Первая часть «Вечеров на хуторе близ Диканьки» вышла в свет в середине 1831 года, а через год была издана вторая. Литературная репутация Гоголя была сразу твердо установлена; его талант был признан и оценен по достоинству и самым авторитетным литературным трибуналом, и кругом самой простой читающей публики.
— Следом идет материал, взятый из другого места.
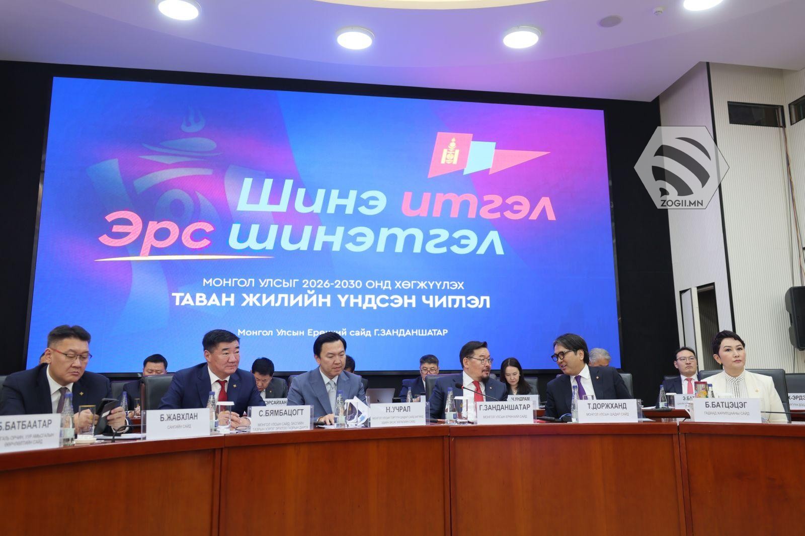 Уулзалтын эхэнд Ерөнхий сайд Г.Занданшатар ирэх таван жилийн хөгжлийн үндсэн чиглэлийг танилцууллаа. Тэрбээр Монгол Улсын Үндсэн хуулийн 27.1.5-д хөгжлийн бодлого, төлөвлөлт тогтвортой байна гэж заасан. Бид өнгөрсөн 30 жилийн замналаасаа суралцаж, дараагийн шатны зам мөрөө тодорхойлох учиртай. Засгийн газар өөрчлөгдөх болгонд бодлого өөрчлөгддөг замбараагүй байдал өнгөрсөн хугацааны гол алдаа байсан гэлээ. Ирэх таван жилийн хөгжлийн үндсэн чиглэлийг боловсруулахдаа Хөгжлийн бодлого, төлөвлөлтийн тухай хуулийн дагуу шинжлэх ухааны үндэслэлтэй, олон нийтийн санал бодолд нийцүүлэн, төлөвлөлт, хэрэгжилтийн шатанд нэгдмэл, уялдаатай, үйл ажиллагаа, үнэлгээ нэг чиг, нэг зорилготой байх зарчмыг баримталжээ.

Ученические годы Гоголя окончились.
В психической жизни художника за эти годы, как мы видели, много туманного и труднообъяснимого. Удивительное чередование веселости и глубокой меланхолии с перевесом последней; необычайно живо работающая фантазия и рядом с ней ум очень зоркий; романтическое тяготение к неизведанному и неиспытанному, большая склонность к размышлению и к анализу своих собственных ощущений и мыслей, самолюбие, сильно развитое и очень близко подходящее к самомнению; уверенность в своих силах, пока еще не испробованных; смутное представление о призвании к чему-то великому, но пока неизвестному; взгляд на этот грядущий подвиг, как на нечто весьма для людей полезное и спасительное, а потому и сознание своего права строго судить людей; наконец, великий дар художественного творчества – вот те мысли, ощущения, настроения и силы, которые владеют Гоголем одновременно.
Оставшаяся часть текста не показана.